Platelet-Rich Plasma (PRP) therapy has become one of the most evidence-backed non-surgical options for hair restoration — but it comes with a challenge most clinics don’t address: what happens between sessions. PRP treatments are typically spaced four to six weeks apart across an initial course of three to four injections, followed by maintenance visits every four to six months. That leaves a lot of time in which follicle momentum can stall.

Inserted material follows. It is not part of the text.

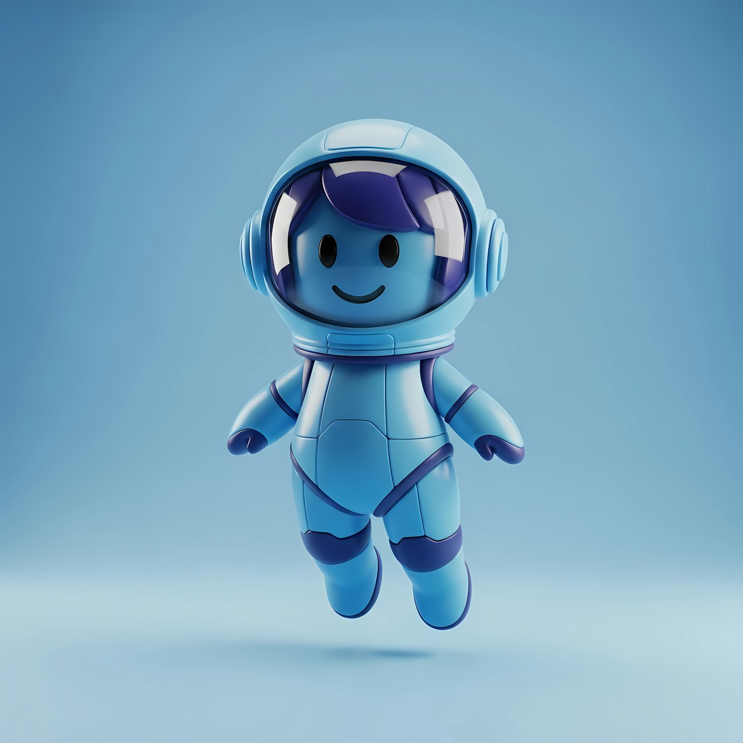 Adorable 3D astronaut character in a light blue spacesuit with a cheerful smile, set against a soft blue gradient background.

Red light therapy fills that gap. When used consistently at home between PRP appointments, low-level light therapy (LLLT) sustains the biological environment that PRP creates — maintaining follicle activation, improving scalp circulation, and reducing the inflammation that can impede hair growth. The result is a combination that outperforms either treatment used alone.
This guide explains how PRP works, how red light therapy complements it at a cellular level, the optimal protocol for combining both, and why — when you break down the numbers — adding a Growell Cap to your PRP programme may be the most cost-effective decision you make in your hair restoration journey.
Platelet-rich plasma therapy uses your own blood to stimulate hair follicles. A small blood sample is drawn, spun in a centrifuge to concentrate the platelets, and injected directly into areas of the scalp experiencing thinning. Platelets are rich in growth factors — including PDGF, VEGF, and IGF — that signal dormant or miniaturising follicles to re-enter the active growth phase.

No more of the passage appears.